• [Work order]: Leave out the pictures and output exactly the lines below from the one with "Horst Janssen (1929-1995), Slægtninge" down to the one with "Sapato na cor", both of them included.

[Exercise materials — start]

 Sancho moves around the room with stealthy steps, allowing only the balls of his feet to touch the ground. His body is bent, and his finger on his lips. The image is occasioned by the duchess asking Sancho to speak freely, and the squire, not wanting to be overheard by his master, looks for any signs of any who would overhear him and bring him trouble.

[Exercise materials — finish]
[Exercise materials — start]

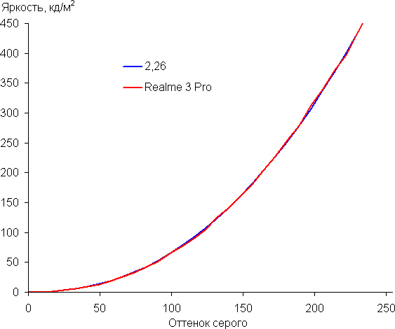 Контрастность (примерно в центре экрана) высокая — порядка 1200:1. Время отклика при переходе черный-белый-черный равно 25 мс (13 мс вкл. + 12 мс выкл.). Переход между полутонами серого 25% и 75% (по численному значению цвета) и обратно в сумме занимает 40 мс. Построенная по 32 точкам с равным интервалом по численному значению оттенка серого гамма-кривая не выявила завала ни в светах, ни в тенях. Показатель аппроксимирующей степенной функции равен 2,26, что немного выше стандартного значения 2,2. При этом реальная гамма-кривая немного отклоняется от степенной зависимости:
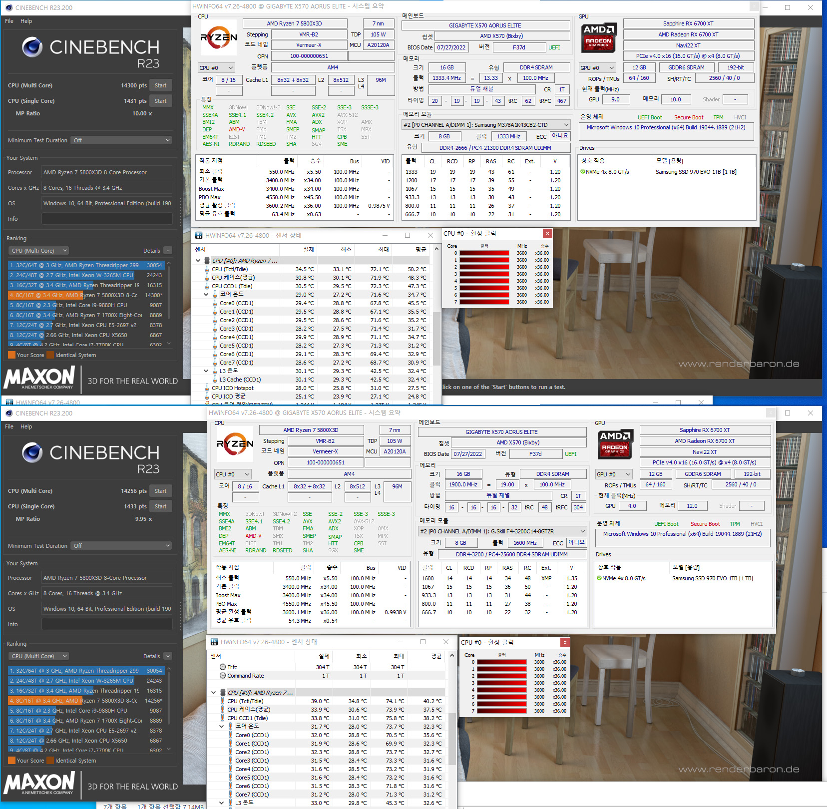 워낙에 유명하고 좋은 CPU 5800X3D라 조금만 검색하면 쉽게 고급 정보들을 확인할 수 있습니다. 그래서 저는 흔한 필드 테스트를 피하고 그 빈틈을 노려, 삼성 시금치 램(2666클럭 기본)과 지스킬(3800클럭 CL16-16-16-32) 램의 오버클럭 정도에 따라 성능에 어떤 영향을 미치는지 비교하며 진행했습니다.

[Exercise materials — finish]
[Exercise materials — start]

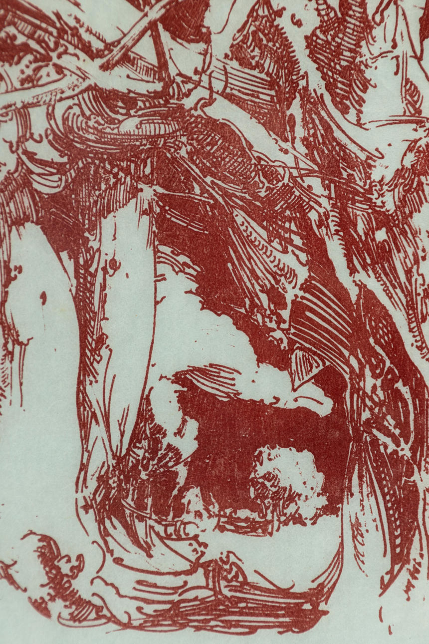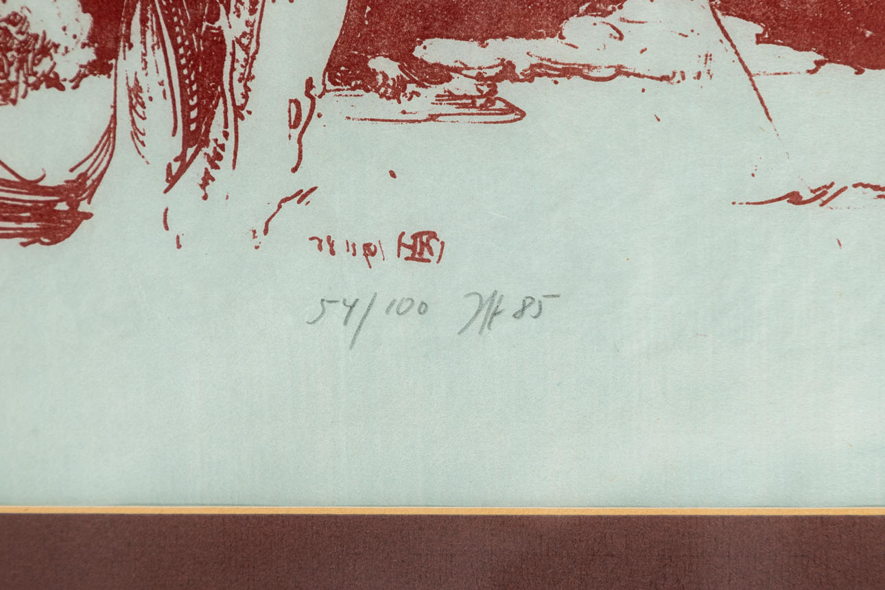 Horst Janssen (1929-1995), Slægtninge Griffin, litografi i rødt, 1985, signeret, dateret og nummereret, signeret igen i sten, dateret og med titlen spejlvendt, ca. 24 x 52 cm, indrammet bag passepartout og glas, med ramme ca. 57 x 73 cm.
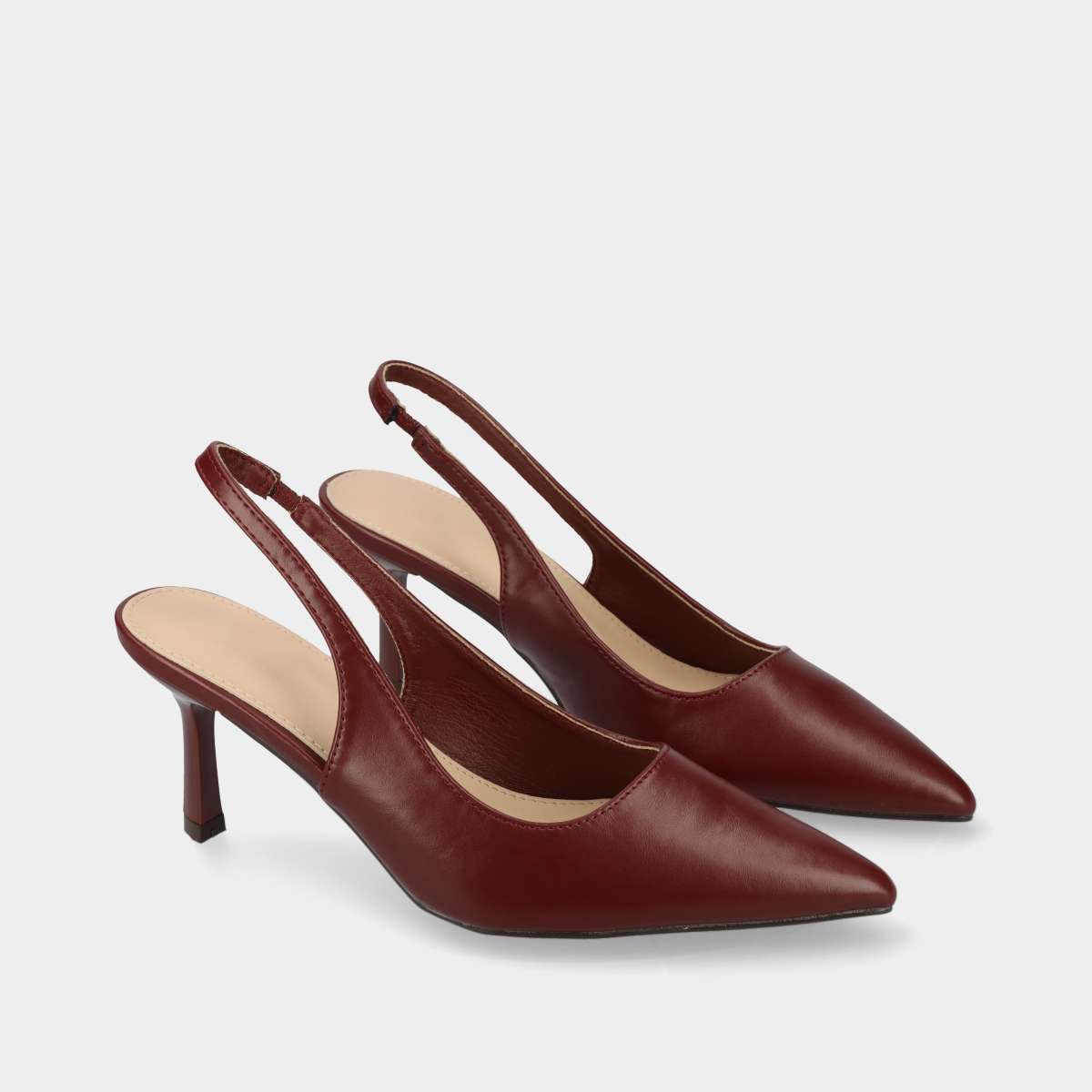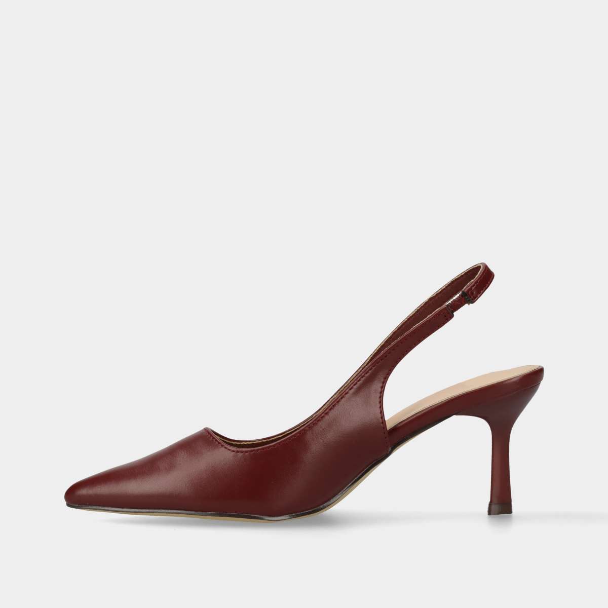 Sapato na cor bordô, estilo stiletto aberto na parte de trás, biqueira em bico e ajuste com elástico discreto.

[Exercise materials — finish]

• [Completed exercise]:
 Horst Janssen (1929-1995), Slægtninge Griffin, litografi i rødt, 1985, signeret, dateret og nummereret, signeret igen i sten, dateret og med titlen spejlvendt, ca. 24 x 52 cm, indrammet bag passepartout og glas, med ramme ca. 57 x 73 cm.
 Sapato na cor bordô, estilo stiletto aberto na parte de trás, biqueira em bico e ajuste com elástico discreto.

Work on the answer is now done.